Items from a data source
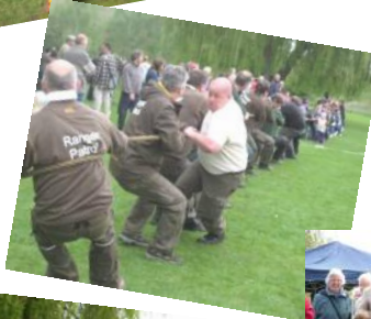
...and even more surprised lose the tug-o-war to a handful of Ruislip under 10's.
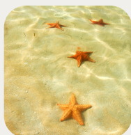
Starfish, rays and beautiful fish during snorkeling
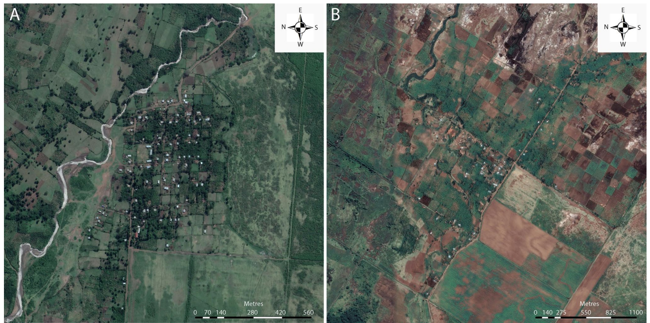
Figure 1. Aerial images of the two study villages, Abulo (A) and Magge (B). The two rural villages are situated within similar agricultural landscapes. Aerial images are taken at different times of the year, which is seen in the difference in crop cover in the two villages. The scale bars indicate distance (m). The aerial images were obtained using the open software Google Earth Pro (Version 7.3.3.7786).

that search outcomes in herbivorous insects are dependent on behavioural patterns within species, which can be broadly categorized into the resource concentration hypothesis 29 or the edge effect 30 . The resource concentration hypothesis postulates that searching individuals are likely to locate and remain in stands with a high host density, and the edge effect favours resources being more extensively used in sparse patches, and importantly more on the edge than in the centre of those patches. The edge is defined as the abrupt transition between habitats differing in quality, affecting the performance of individuals 31 . A patch can be defined as a relatively homogenous nonlinear area that differs from its surroundings 32 and for mosquitoes, we may regard the assembly of blood hosts in a community, either at the household or village level, as a patch, and the homes placed on the outskirts of a community as on the edge of that patch.
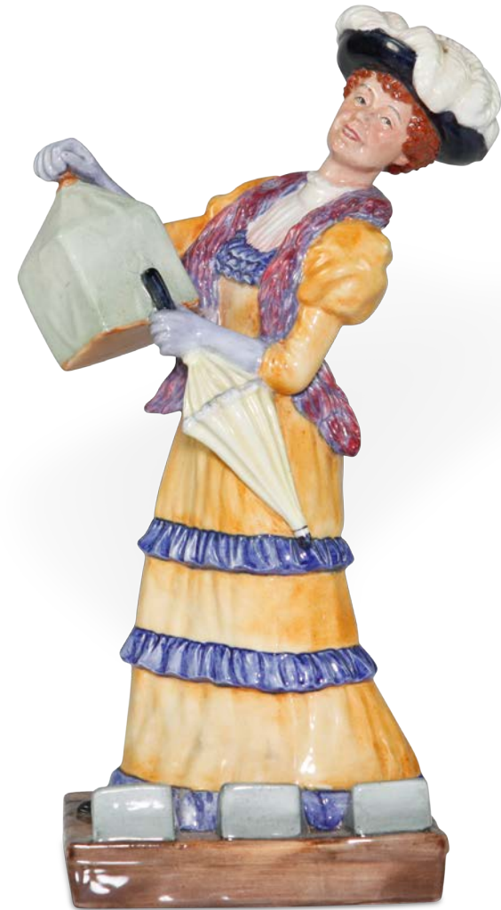
Lady Carrying Birdcage and Umbrella (Prototype) "H $8,500

This Royal Doulton Prototype figure was painted by Mick Woodhouse, a Royal Doulton Prestige painter from 1956 to 2005. Painted in a spectacular blue, brown, lavender, green and pink colorway, it is modeled as a woman from the tropics admiring a young flamingo.
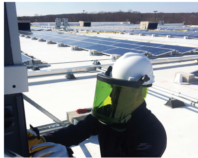
SOLAR TECHNICIAN INSPECTING ELECTRICAL WIRING
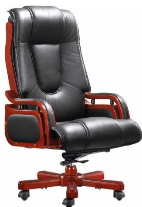
Annexure No. 5
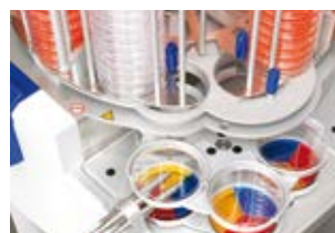
Systec Mediafill with Tri-Plates

_Work to be completed_
Only the text of the records belongs in your answer, repeated exactly; the pictures stay out.

_Solved problem_
...and even more surprised lose the tug-o-war to a handful of Ruislip under 10's.
Starfish, rays and beautiful fish during snorkeling
Figure 1. Aerial images of the two study villages, Abulo (A) and Magge (B). The two rural villages are situated within similar agricultural landscapes. Aerial images are taken at different times of the year, which is seen in the difference in crop cover in the two villages. The scale bars indicate distance (m). The aerial images were obtained using the open software Google Earth Pro (Version 7.3.3.7786).

that search outcomes in herbivorous insects are dependent on behavioural patterns within species, which can be broadly categorized into the resource concentration hypothesis 29 or the edge effect 30 . The resource concentration hypothesis postulates that searching individuals are likely to locate and remain in stands with a high host density, and the edge effect favours resources being more extensively used in sparse patches, and importantly more on the edge than in the centre of those patches. The edge is defined as the abrupt transition between habitats differing in quality, affecting the performance of individuals 31 . A patch can be defined as a relatively homogenous nonlinear area that differs from its surroundings 32 and for mosquitoes, we may regard the assembly of blood hosts in a community, either at the household or village level, as a patch, and the homes placed on the outskirts of a community as on the edge of that patch.
Lady Carrying Birdcage and Umbrella (Prototype) "H $8,500

This Royal Doulton Prototype figure was painted by Mick Woodhouse, a Royal Doulton Prestige painter from 1956 to 2005. Painted in a spectacular blue, brown, lavender, green and pink colorway, it is modeled as a woman from the tropics admiring a young flamingo.
SOLAR TECHNICIAN INSPECTING ELECTRICAL WIRING
Annexure No. 5
Systec Mediafill with Tri-Plates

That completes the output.